What you should do: Everything from the first line of the data through the line with "The opening of" is to be echoed exactly, minus the pictures.

Material shown:
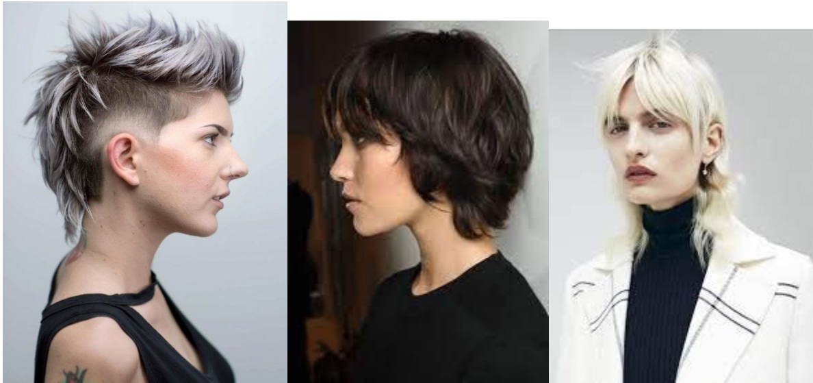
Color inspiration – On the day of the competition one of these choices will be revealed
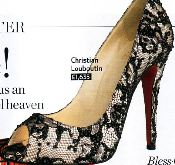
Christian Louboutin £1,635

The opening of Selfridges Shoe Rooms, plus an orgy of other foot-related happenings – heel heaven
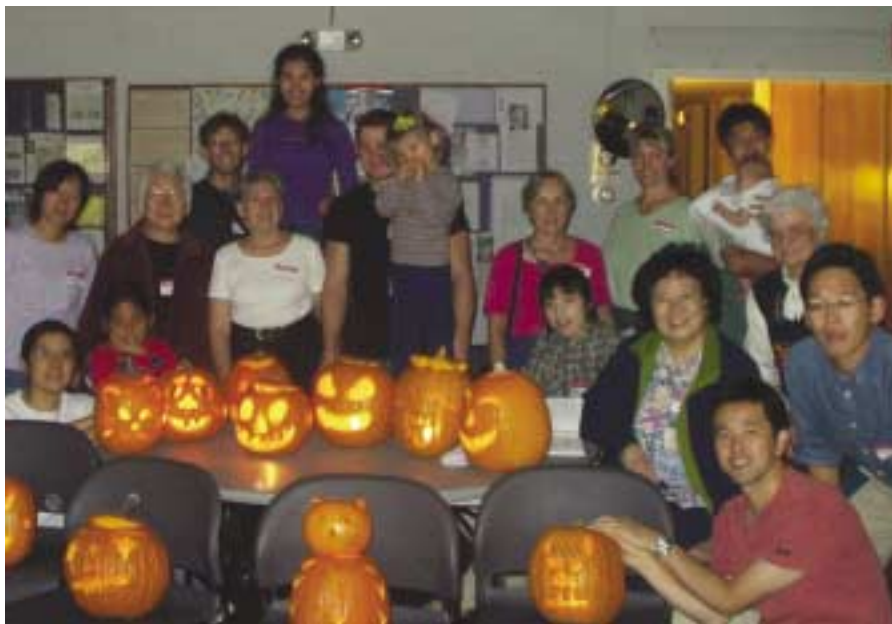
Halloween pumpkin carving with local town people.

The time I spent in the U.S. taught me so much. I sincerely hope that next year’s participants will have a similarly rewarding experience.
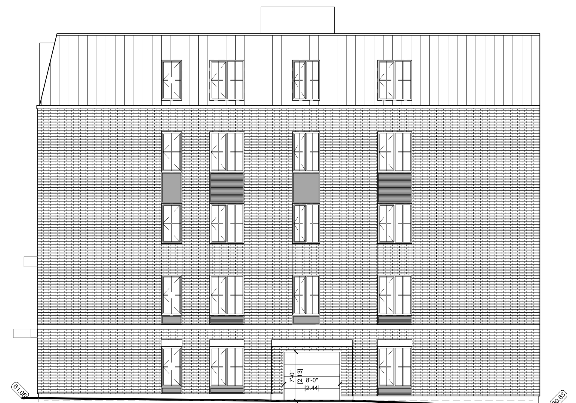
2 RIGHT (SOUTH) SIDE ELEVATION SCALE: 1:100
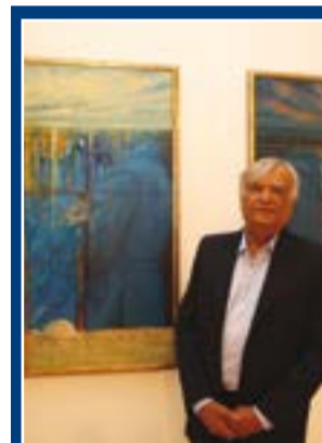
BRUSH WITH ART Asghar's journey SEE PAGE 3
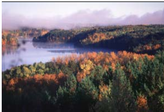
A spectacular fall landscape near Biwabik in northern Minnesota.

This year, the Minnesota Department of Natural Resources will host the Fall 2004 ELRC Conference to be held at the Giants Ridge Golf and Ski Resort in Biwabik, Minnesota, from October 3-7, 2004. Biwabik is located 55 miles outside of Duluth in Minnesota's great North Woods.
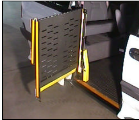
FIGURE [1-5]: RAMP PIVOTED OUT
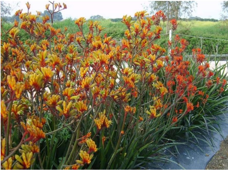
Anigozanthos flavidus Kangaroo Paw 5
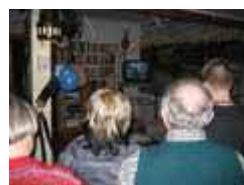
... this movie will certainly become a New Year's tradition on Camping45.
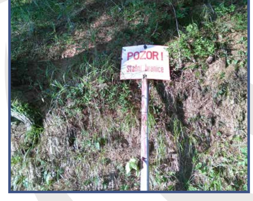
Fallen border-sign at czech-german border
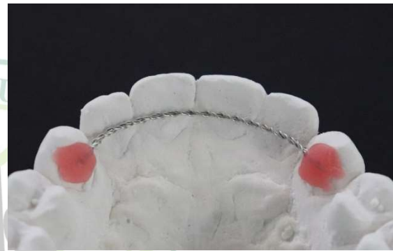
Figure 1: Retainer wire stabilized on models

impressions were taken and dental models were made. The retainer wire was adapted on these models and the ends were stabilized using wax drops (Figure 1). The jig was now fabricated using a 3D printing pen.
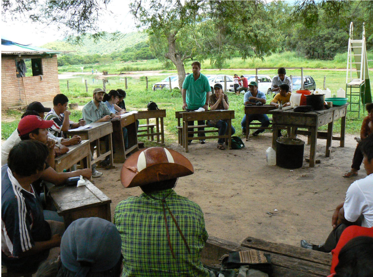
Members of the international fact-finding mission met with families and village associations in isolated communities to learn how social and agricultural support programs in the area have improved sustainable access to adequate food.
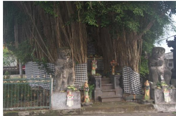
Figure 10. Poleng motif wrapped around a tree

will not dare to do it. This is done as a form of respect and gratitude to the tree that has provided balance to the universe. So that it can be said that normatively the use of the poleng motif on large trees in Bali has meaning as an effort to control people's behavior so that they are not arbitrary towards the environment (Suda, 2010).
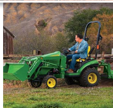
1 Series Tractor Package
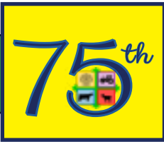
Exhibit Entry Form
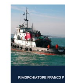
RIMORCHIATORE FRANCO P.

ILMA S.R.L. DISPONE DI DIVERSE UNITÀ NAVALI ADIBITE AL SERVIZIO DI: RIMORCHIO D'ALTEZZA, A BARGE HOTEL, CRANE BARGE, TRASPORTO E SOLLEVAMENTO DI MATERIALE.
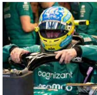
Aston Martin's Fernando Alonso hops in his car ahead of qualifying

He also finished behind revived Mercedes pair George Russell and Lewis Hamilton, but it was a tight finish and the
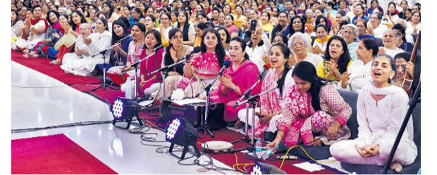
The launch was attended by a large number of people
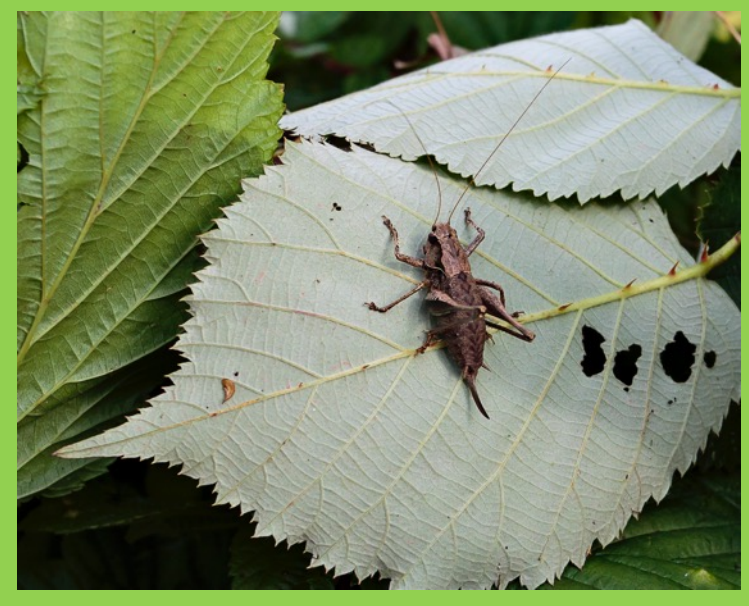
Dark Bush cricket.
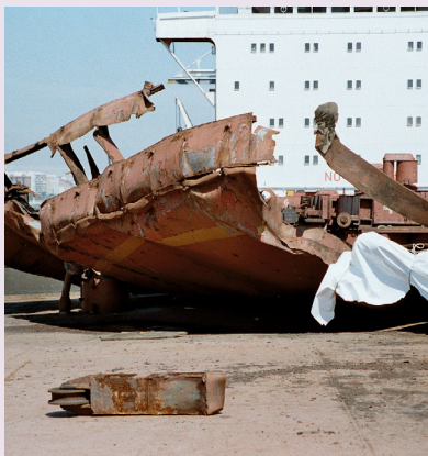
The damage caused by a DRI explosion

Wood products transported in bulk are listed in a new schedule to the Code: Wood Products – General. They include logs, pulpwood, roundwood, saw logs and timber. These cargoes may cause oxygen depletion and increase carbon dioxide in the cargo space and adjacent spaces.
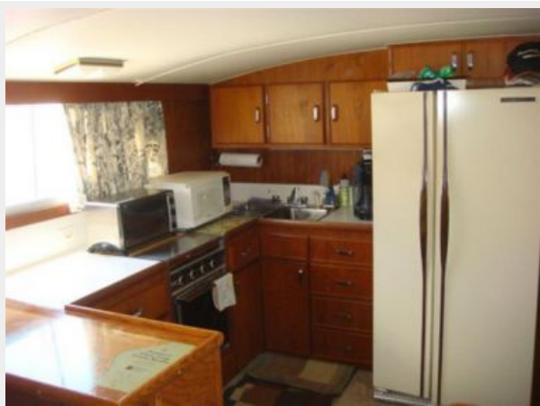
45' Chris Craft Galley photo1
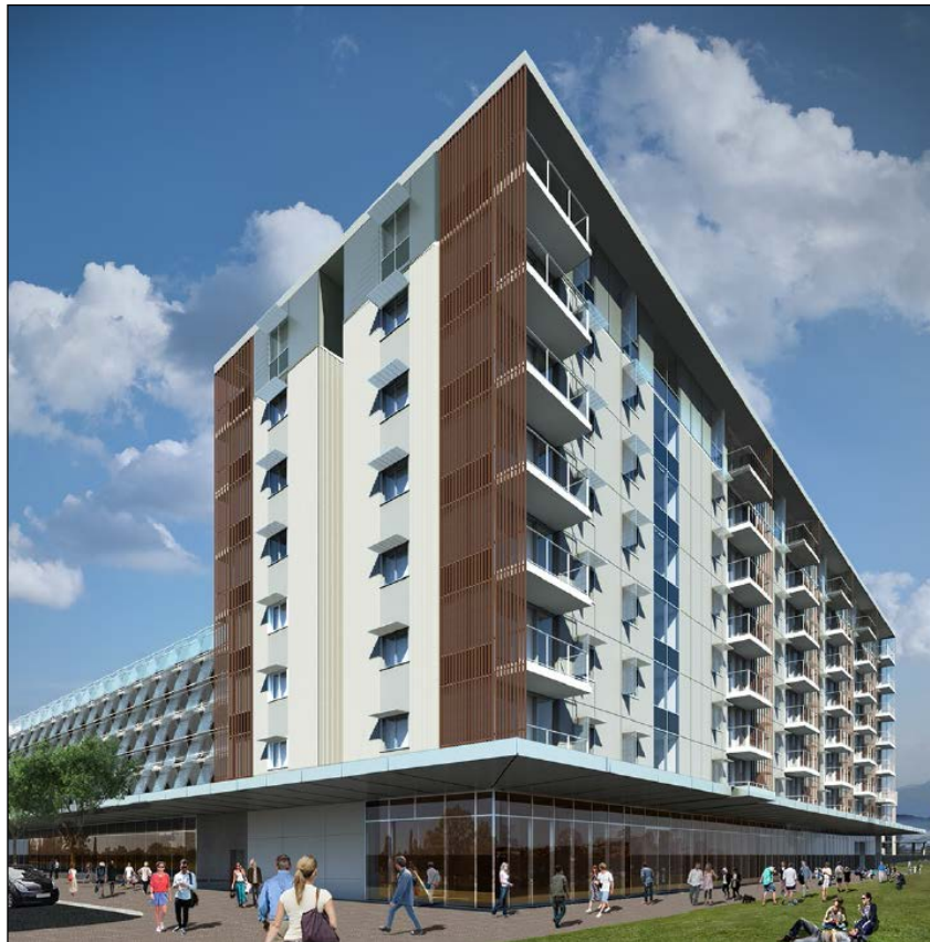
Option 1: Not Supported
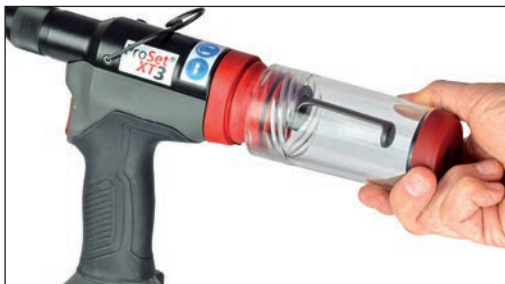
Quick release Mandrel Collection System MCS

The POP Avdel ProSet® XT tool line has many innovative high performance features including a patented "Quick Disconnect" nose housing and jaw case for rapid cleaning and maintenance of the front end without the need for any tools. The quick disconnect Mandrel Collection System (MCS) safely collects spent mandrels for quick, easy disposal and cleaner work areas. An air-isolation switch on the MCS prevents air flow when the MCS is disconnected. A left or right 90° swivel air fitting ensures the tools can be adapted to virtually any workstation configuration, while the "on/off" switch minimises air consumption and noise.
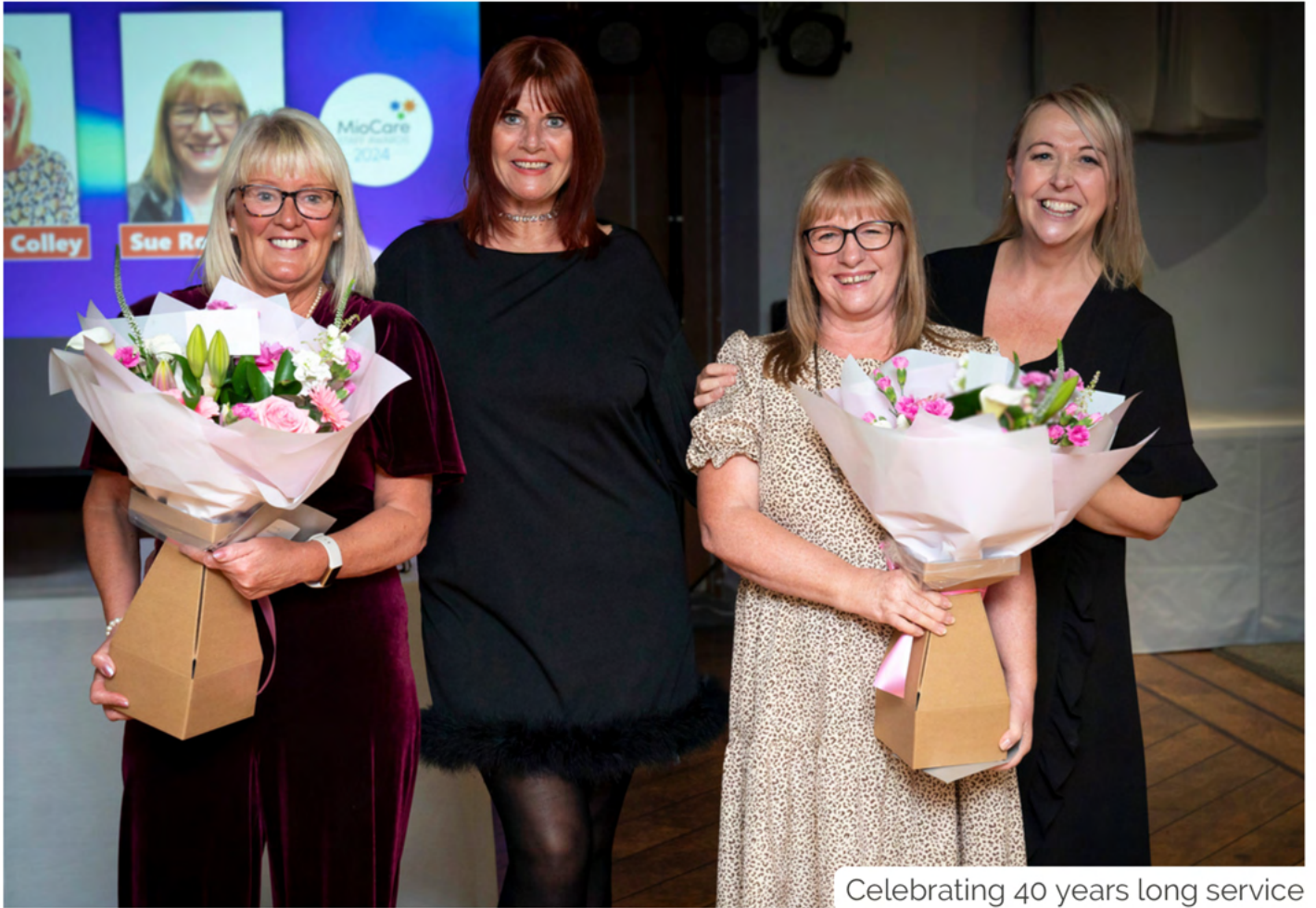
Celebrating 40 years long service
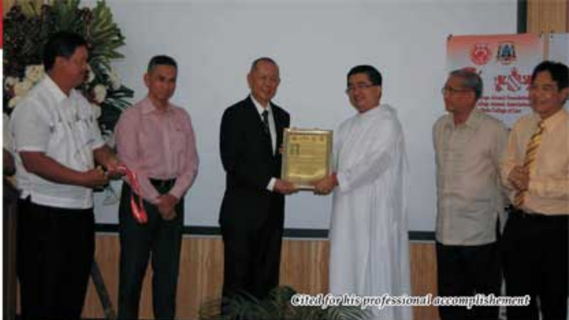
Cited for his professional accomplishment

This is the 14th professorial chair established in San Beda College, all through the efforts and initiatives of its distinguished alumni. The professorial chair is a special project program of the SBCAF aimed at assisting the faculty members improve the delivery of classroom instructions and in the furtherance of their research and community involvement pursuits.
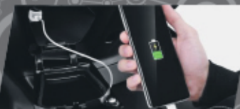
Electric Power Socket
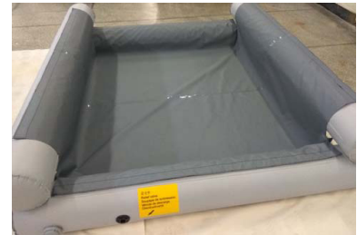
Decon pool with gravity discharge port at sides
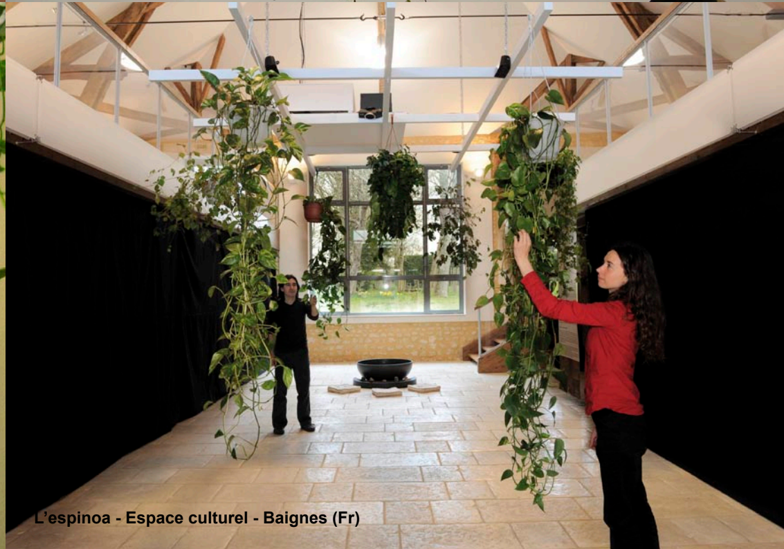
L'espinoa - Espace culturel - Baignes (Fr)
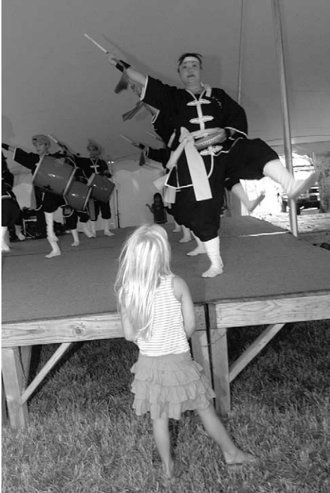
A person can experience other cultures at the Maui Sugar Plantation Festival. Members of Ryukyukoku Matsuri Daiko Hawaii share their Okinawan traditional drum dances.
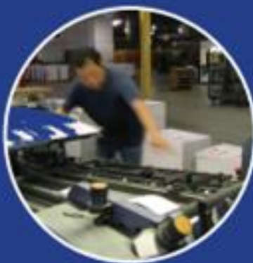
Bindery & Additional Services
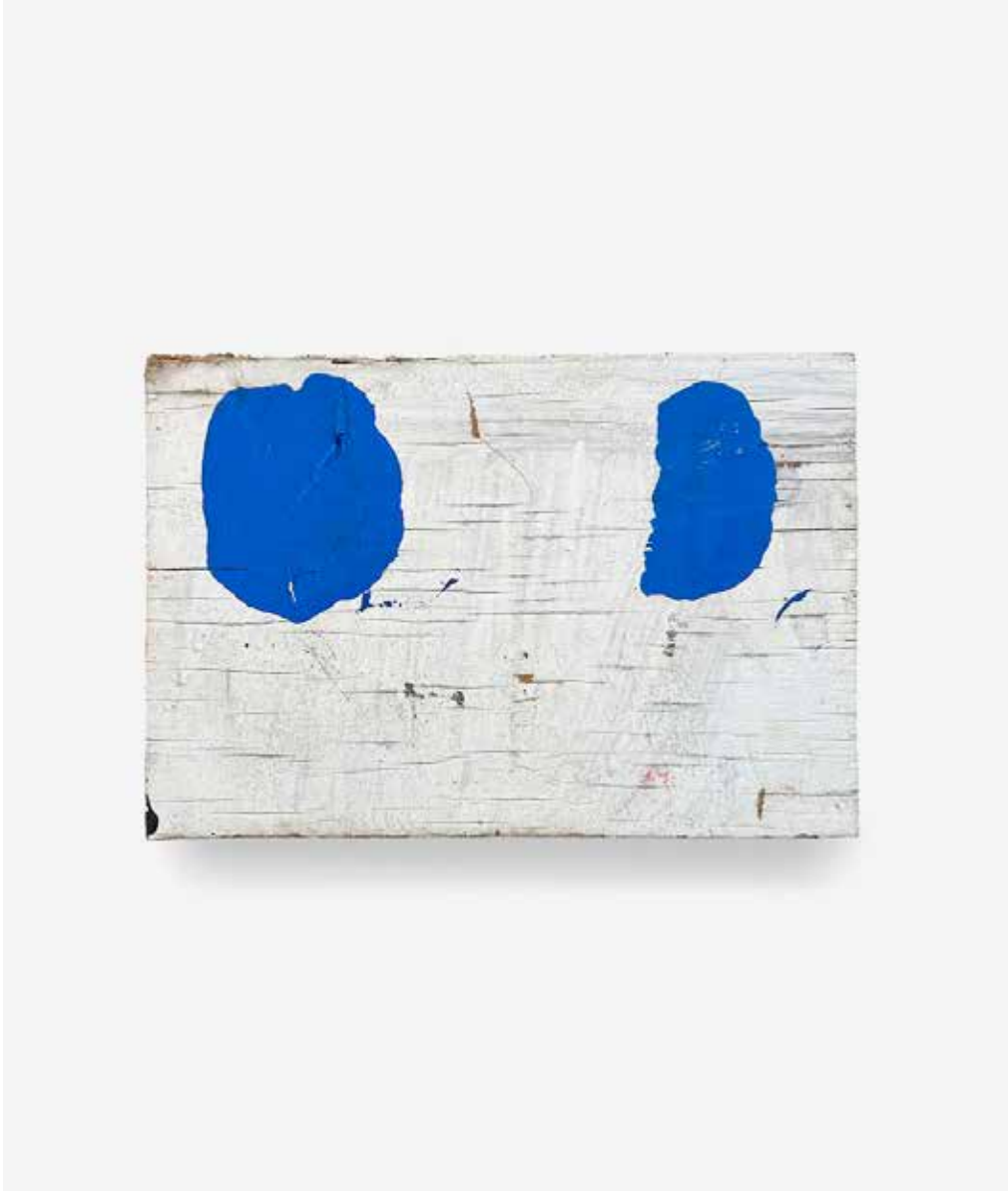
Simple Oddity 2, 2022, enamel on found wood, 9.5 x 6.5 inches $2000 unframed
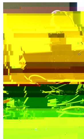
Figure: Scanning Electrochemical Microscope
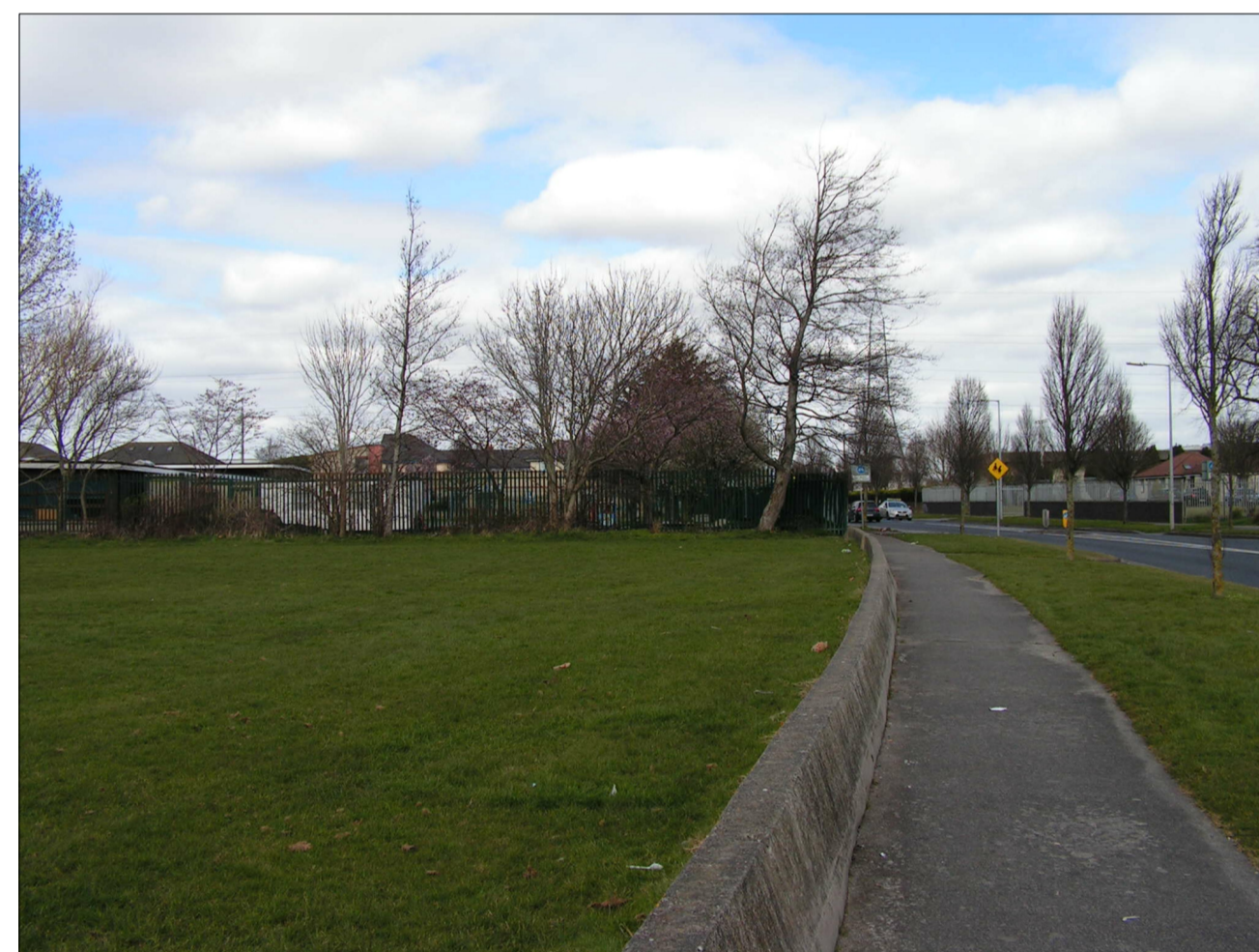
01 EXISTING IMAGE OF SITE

Solution to this exercise:
Color inspiration – On the day of the competition one of these choices will be revealed
Christian Louboutin £1,635

The opening of Selfridges Shoe Rooms, plus an orgy of other foot-related happenings – heel heaven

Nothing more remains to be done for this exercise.